INPUT DATA: Begin

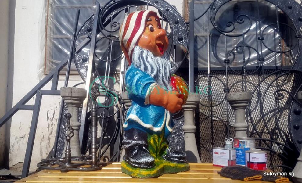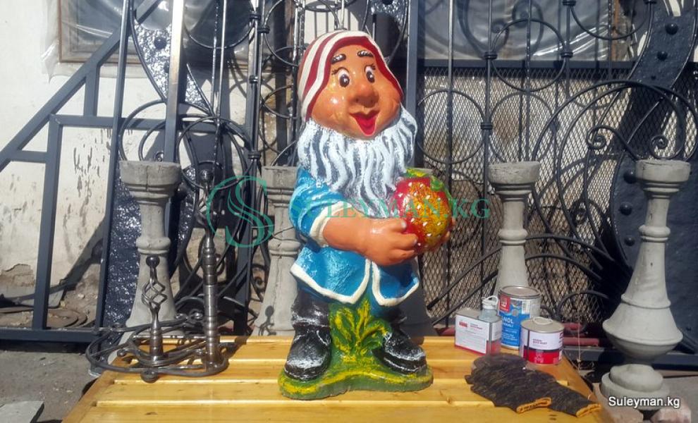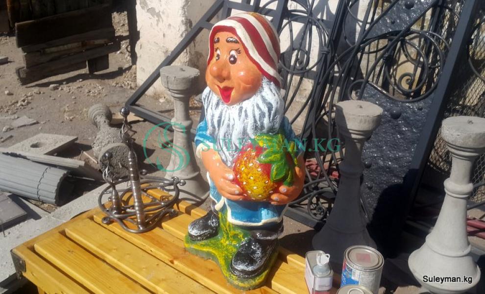 Скульптура Гнома «Мальчик с клубничкой» идет в паре с другой фигуркой гнома — Гном девочка клубничка. Материал: армированный бетон. Размеры: высота 80 см , основание 36*25 см. Вы можете заказать или купить скульптуры, фигурки и статуэтки различных персонажей и животных для ландшафтного дизайна в наших мастерских в Бишкеке и Балыкчы.
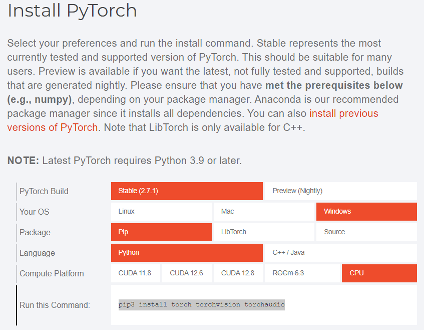 到PyTorch官网(https://pytorch.org/)的安装页面,按设备条件生成相应的安装命令,如下图中最下面一行“pip3 install torch torchvision torchaudio”所示。
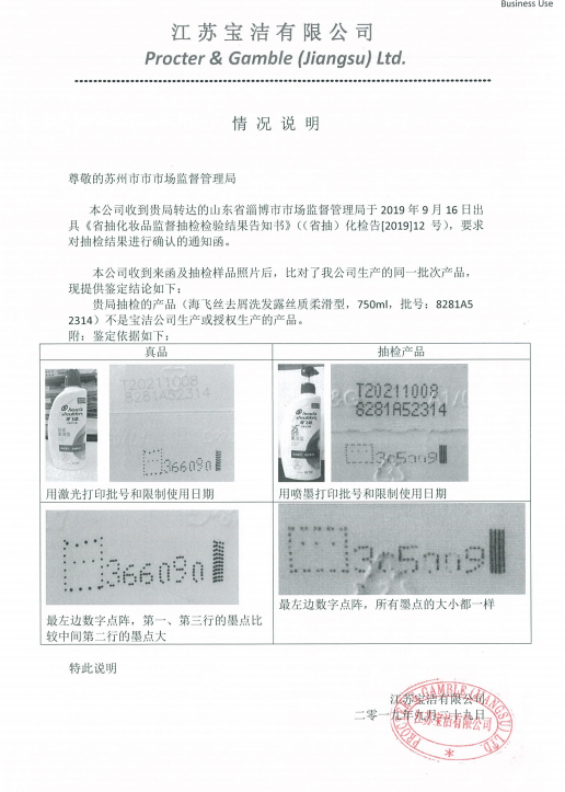 但对于抽样产品是否是伪造的,还需要进一步的证据。于是品牌方向我们提供了江苏宝洁有限公司向苏州市市场监督管理局递交的关于抽检样品为仿冒产品的证明文件。
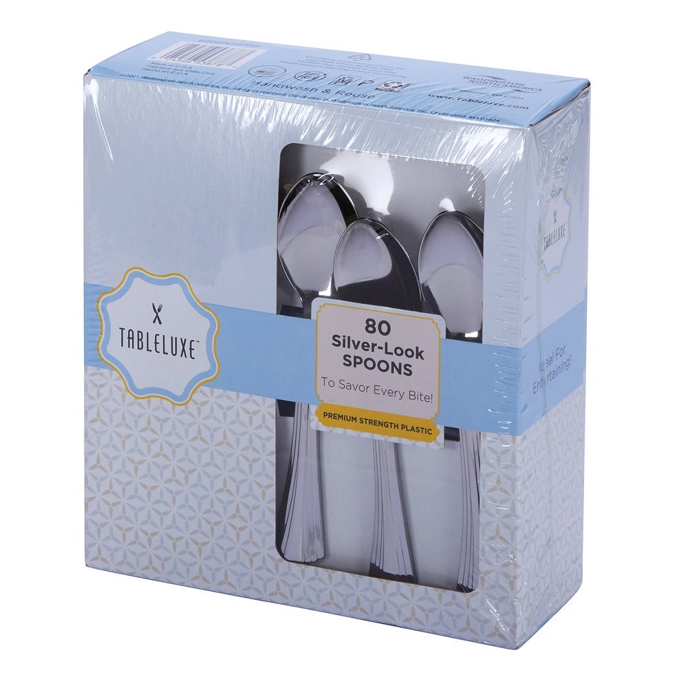 Reflections Heavyweight Plastic Spoons, Silver, with Full-Length Handles, Polystyrene, 80 Ct Box, 10/Case

INPUT DATA: End

§ **THE TASK**:
The material should be duplicated word for word, with no images included.

§ **FINISHED TASK**:
 Скульптура Гнома «Мальчик с клубничкой» идет в паре с другой фигуркой гнома — Гном девочка клубничка. Материал: армированный бетон. Размеры: высота 80 см , основание 36*25 см. Вы можете заказать или купить скульптуры, фигурки и статуэтки различных персонажей и животных для ландшафтного дизайна в наших мастерских в Бишкеке и Балыкчы.
 到PyTorch官网(https://pytorch.org/)的安装页面,按设备条件生成相应的安装命令,如下图中最下面一行“pip3 install torch torchvision torchaudio”所示。
 但对于抽样产品是否是伪造的,还需要进一步的证据。于是品牌方向我们提供了江苏宝洁有限公司向苏州市市场监督管理局递交的关于抽检样品为仿冒产品的证明文件。
 Reflections Heavyweight Plastic Spoons, Silver, with Full-Length Handles, Polystyrene, 80 Ct Box, 10/Case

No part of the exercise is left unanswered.